I wish I were one of those people who wears hats.
If I’d had one on, I would have tipped it. What else can do you when Harry Halladay pitches a complete game against your team, limiting them to five hits and one puny run?
Harry was masterful in the Jays’ 5-1 victory over the Yanks. Our guy matched him in the early going, but after AJ’s fourth-inning problems it was clear that this was Harry’s night. He located his fast ball with precision, combined it with a devastating slider and/or cutter, and made the Yankees look as if they’d been tasered.
Scott Rolen, who wasn’t even in my scouting report yesterday, provided the offensive muscle for the Jays.
Damon continued to put the ball in play. He’s practically the only healthy player the Yankees have left, and I’m beginning to wonder if we have an adequate supply of these.

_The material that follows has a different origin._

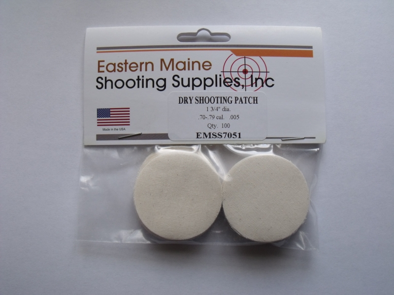 Angeboten werden 100 Schusspflaster von "Eastern Maine" für .70 - .79 cal, ein Spitzenprodukt Made in USA. Die Pflaster sind aus ausgesuchten Stoffen von gleichbleibender Qualität, die zu 100% aus Baumwolle gefertigt sind. Sie haben einen Durchmesser von ca. 45 mm und sind in den folgenden Stärken erhältlich: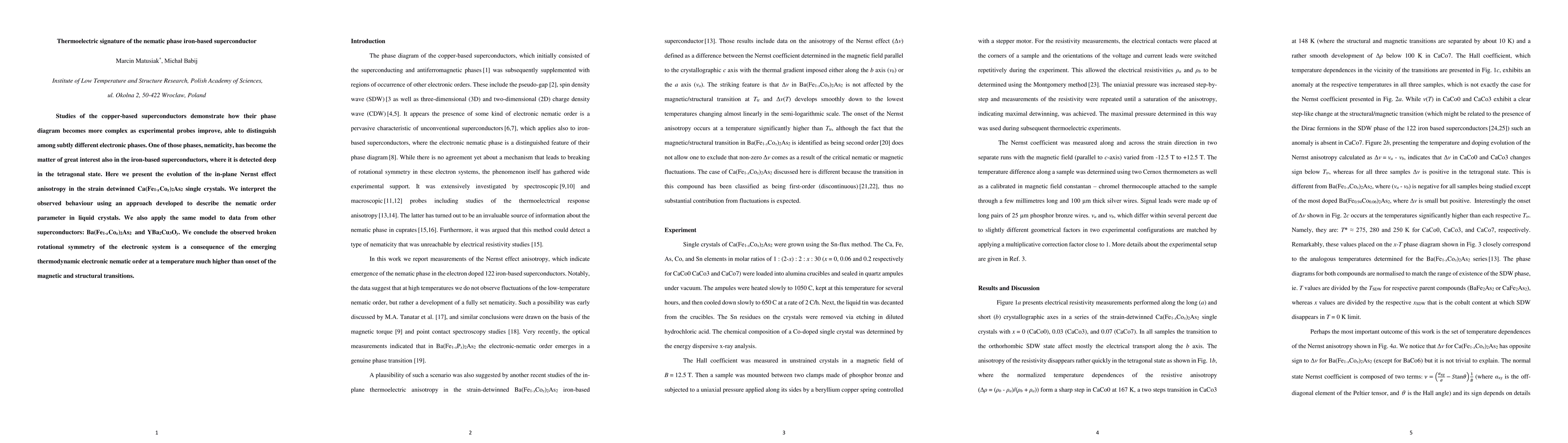 This study investigates the nematic phase in iron-based superconductors through the in-plane Nernst effect anisotropy in Ca(Fe1-xCox)2As2 crystals, revealing a broken rotational symmetry indicative of thermodynamic electronic nematic order above magnetic and structural transitions. The method used is also applicable to other superconductors like Ba(Fe1-xCox)2As2 and YBa2Cu3Oy.

It’s not bad enough that Wang, Posada, Molina and Bruney are on the DL? Now Jeter has a strained oblique and Matsui has a tight hammy and Coke has a stiff back. And that’s not counting A-Rod, who would have handled Rolen’s grounder in the second inning if he’d been even 75%. Despite his RBI single in the seventh, Al looked “washed out,” as my mother describes people who look slightly sick.
AJ had a tough evening. Apparently, the Jays fans are mad at him not only for signing with the Yanks but for doing this last year in response to their booing of him.
Oh, well. At least they didn’t throw things onto the turf at the Rogers Centre and disrupt the game. However, I was forced to watch the Jays’ feed, instead of the YES broadcast, and the camera kept showing us a man whose sign read: “AJ, you look fat in stripes.” Speaking of the Toronto announcers, every single time Halladay retired the side, they said: “Just what the Doc ordered.” They were so corny that by the ninth inning I was afraid I would do this.
But all credit to Roy/Doc/Harry. He was nasty. In a good way. If you’re a fan of these.